■ Your objective ■
Leave out pictures; repeat exactly the lines from the "- 高評価の数よ! 他候補者100いかんのに、石丸だけ7000!?ありえんだろ!" line through the last of the data below.

═══ Data shown

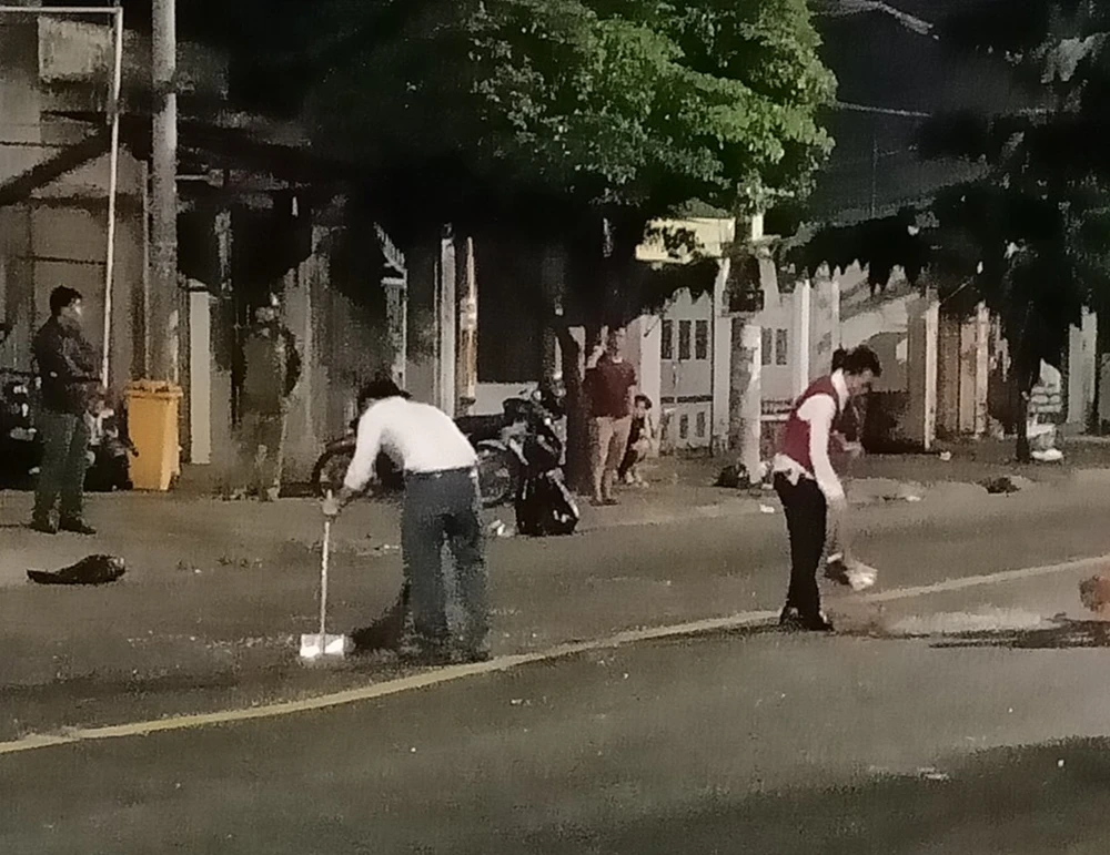 Nhân viên quán bar sau đó dọn dẹp khu vực. Ảnh Kiếm Phong.
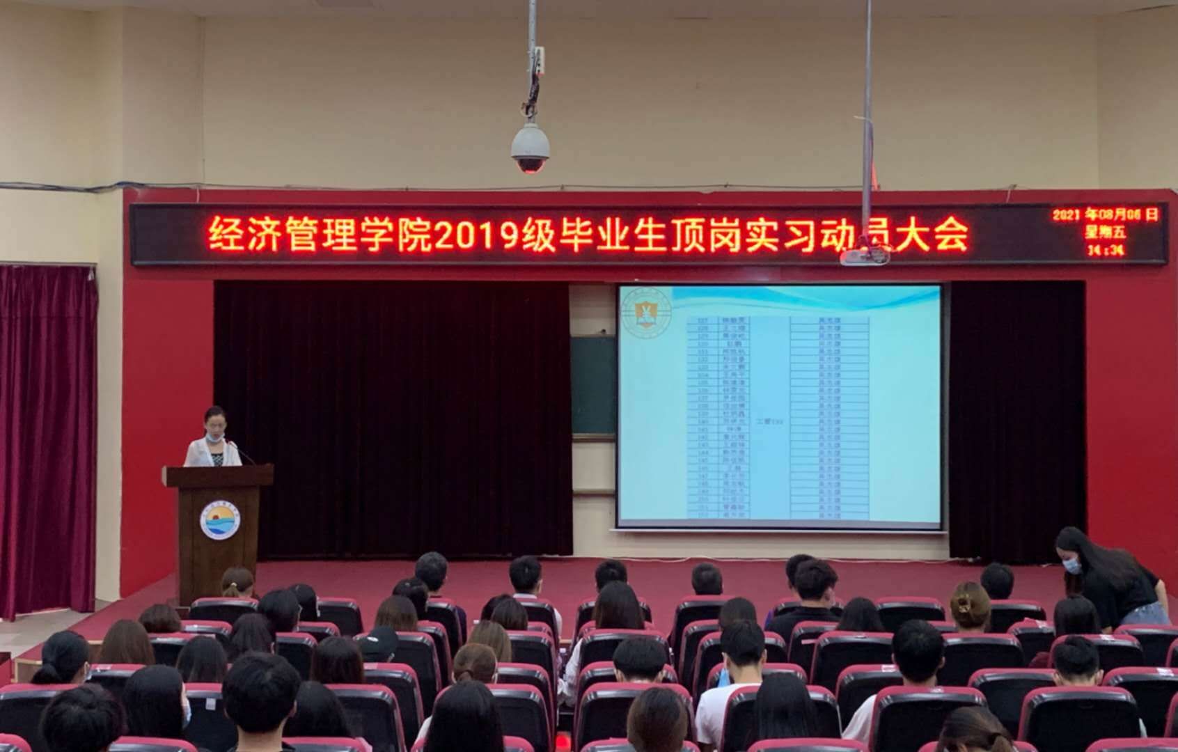 新闻中心讯(经济管理学院徐雪婷供稿 党委宣传部报道)8月6日,经济管理学院于2204报告厅召开2019级学生顶岗实习动员大会。副校长兼经济管理学院院长杨雄教授、多维创业创始人陈奇波先生及学院领导、全体专任教师、辅...
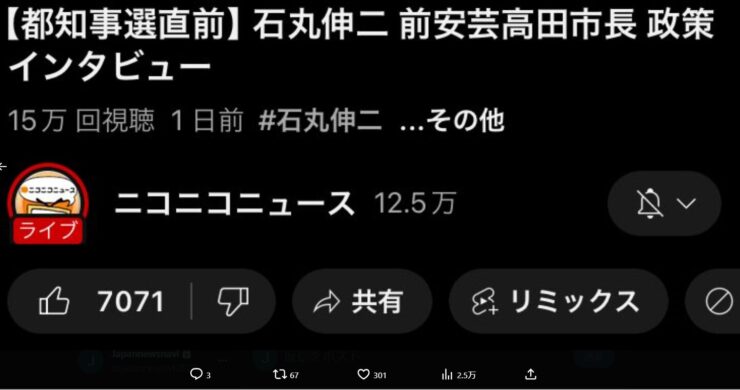 - 高評価の数よ! 他候補者100いかんのに、石丸だけ7000!?ありえんだろ!
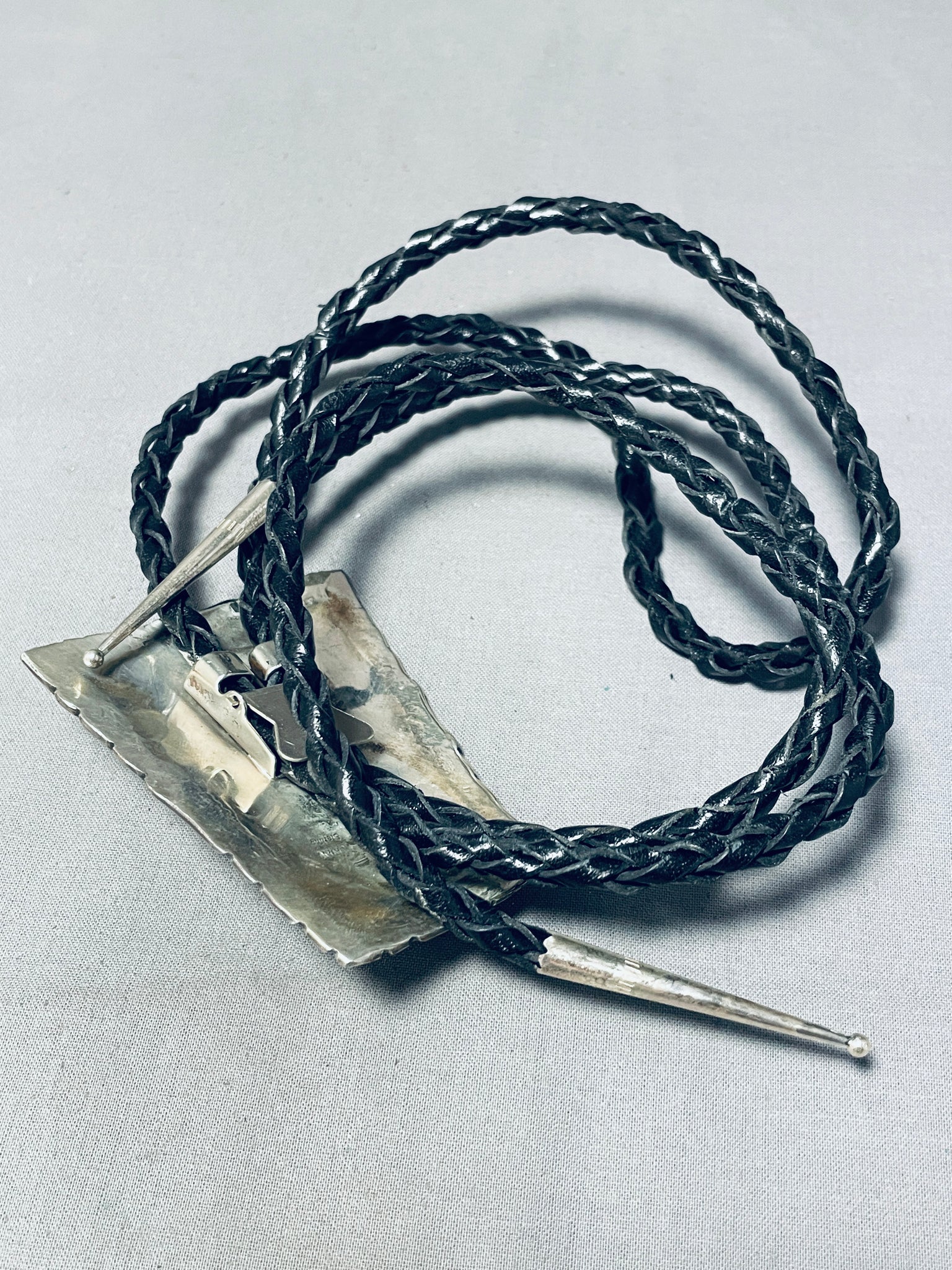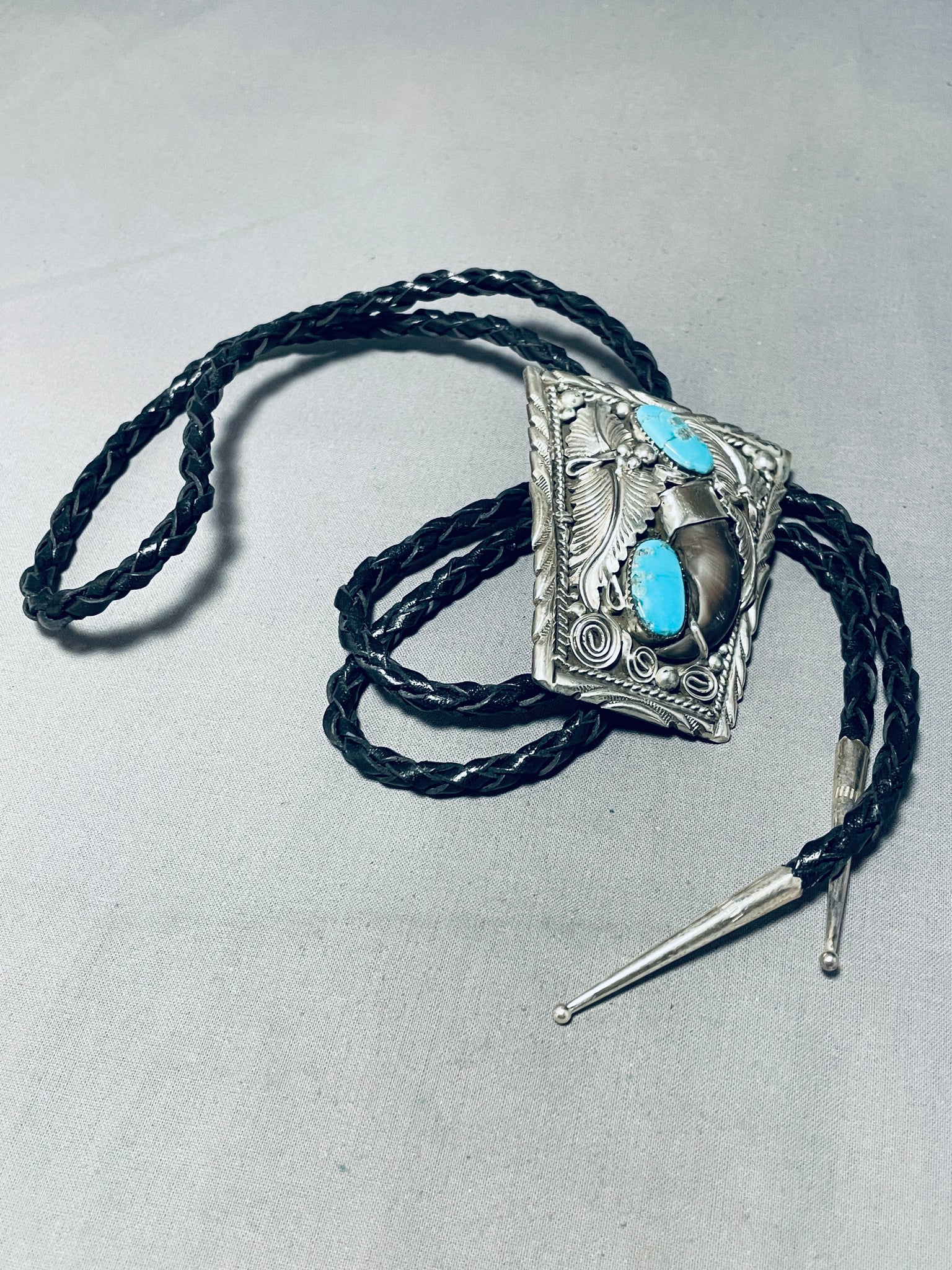 Mike Thomas Vintage Native American Navajo Turquoise Sterling Silver Bolo Tie

══════

■ Task solution ■
 - 高評価の数よ! 他候補者100いかんのに、石丸だけ7000!?ありえんだろ!
 Mike Thomas Vintage Native American Navajo Turquoise Sterling Silver Bolo Tie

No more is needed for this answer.